Warbler said:
chyron8472 said:
Warbler said:
chyron8472 said:
I once had a conversation about Star Wars with someone at a board game group I had attended. He disputed my saying that Padme dying in Episode III is a plothole for Leia remembering her, by saying Leia was referring to her adoptive mother–Bail Organa’s wife.
I can’t have discussions with people IRL about Star Wars when their information is inherently flawed. I mean, it obviously wouldn’t be appropriate to prove to him then and there that he didn’t know what he was talking about. If I had a conversation about it on the web, I could link a Youtube video that proves my point, but in real life that would create awkwardness.
Please link to this vid.
https://www.youtube.com/watch?v=-k-3AIIiHF8
“Do you remember your mother? Your real mother?”
“Just a little bit. She died when I was very young.”
“What do you remember?”
“Just images really. Feelings.”
“Tell me.”
“She was very beautiful…kind, but sad. Why are you asking me this?”
“I have no memory of my mother. I never knew her.”
[…]
“The Force is strong in my family. My father has it. I have it. And… my sister has it.”
Obviously Leia’s “real mother” refers to Padme Amidala, not Queen Breha Organa. Also, Queen Breha was alive until 0 BBY, where she was killed when Alderaan was destroyed. So Leia thinking Luke meant her makes no sense.
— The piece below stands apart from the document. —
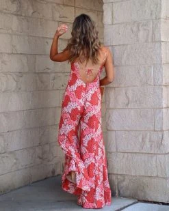 Dress up for your dinner ready in the Very Brady Floral Wide Leg Jumpsuit in rust that features a low neckline.

http://starwars.wikia.com/wiki/Breha_Organa/Legends
Is that source official canon? Nothing in the movies themselves says when Bail Organa’s wife died.
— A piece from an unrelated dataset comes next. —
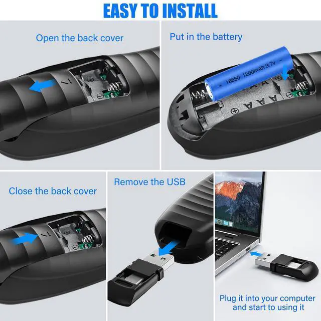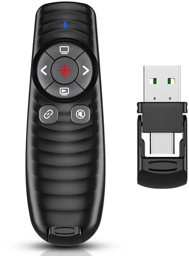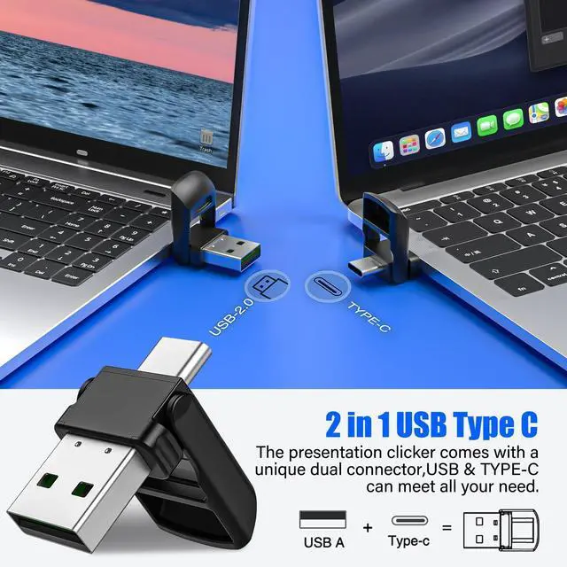 2-IN-1 USB TYPE-C PRESENTATION CLICKER & PLUG AND PLAY: 2-in-1 USB Type-c presentation clicker, which can allow you to freely switch between different port devices such as Mac, laptop and pc, etc, meet all your need. Wireless presenter is plug and play, no need to download software, simple, convenient and fast to use. The receiver has a portable design, it is easy to carry. USB receiver is embedded in the bottom of the remote to avoid losing presentations

Luke says “Do you remember your mother? Your real mother?” which obviously would refer to Leia’s biological mother. If one were to assume that Leia did not know she was adopted, and that she thought Bail Organa and his wife were actually her biological parents, then it would be more of a shock to her to know that her foster parents were not biologically related to her at all (ie. they lied to her), than just to come to know the identity of her biological father.
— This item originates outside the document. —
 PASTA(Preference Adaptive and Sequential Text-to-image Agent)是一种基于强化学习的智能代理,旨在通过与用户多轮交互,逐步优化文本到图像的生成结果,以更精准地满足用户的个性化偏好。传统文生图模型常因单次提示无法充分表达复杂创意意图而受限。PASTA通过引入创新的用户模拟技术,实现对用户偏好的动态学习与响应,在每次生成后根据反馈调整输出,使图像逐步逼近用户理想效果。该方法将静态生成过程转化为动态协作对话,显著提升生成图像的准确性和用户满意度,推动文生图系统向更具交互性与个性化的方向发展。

When Luke says that Vader is his father, she is revolted at the idea. When he says he is her brother, she says she always knew. She does not dispute any claim that the Organas may not be her real parents or that Vader is her real father. And if she somehow always knew that Luke was her brother, then she also somehow always knew that the Organas were not her biological parents. Therefore, asking her who her real mother is would not invoke a response from her referring to the Queen of Alderaan.
Also, in the context of Luke proclaiming himself to be her brother, and asking Leia if she knew her mother, the viewer should obviously infer that he meant their mother.
It makes much more sense, in the context of the conversation alone, and considering just the Original Trilogy by itself, before the Prequels were created, for Leia to understand him to mean her and Luke’s biological mother—unless you’re willing to retcon the OT to fit the Prequels rather than the other way around, but most people round these parts frown upon such a practice.
https://www.google.com/search?q=define+retcon
ret·con (retroactive continuity)
noun
"(in a film, television series, or other fictional work) a piece of new information that imposes a different interpretation on previously described events, typically used to facilitate a dramatic plot shift or account for an inconsistency."
So unless you want George to make yet another (albeit indirect) change to the OT, Padme dying in Episode III is straight up a plothole. Canon or not.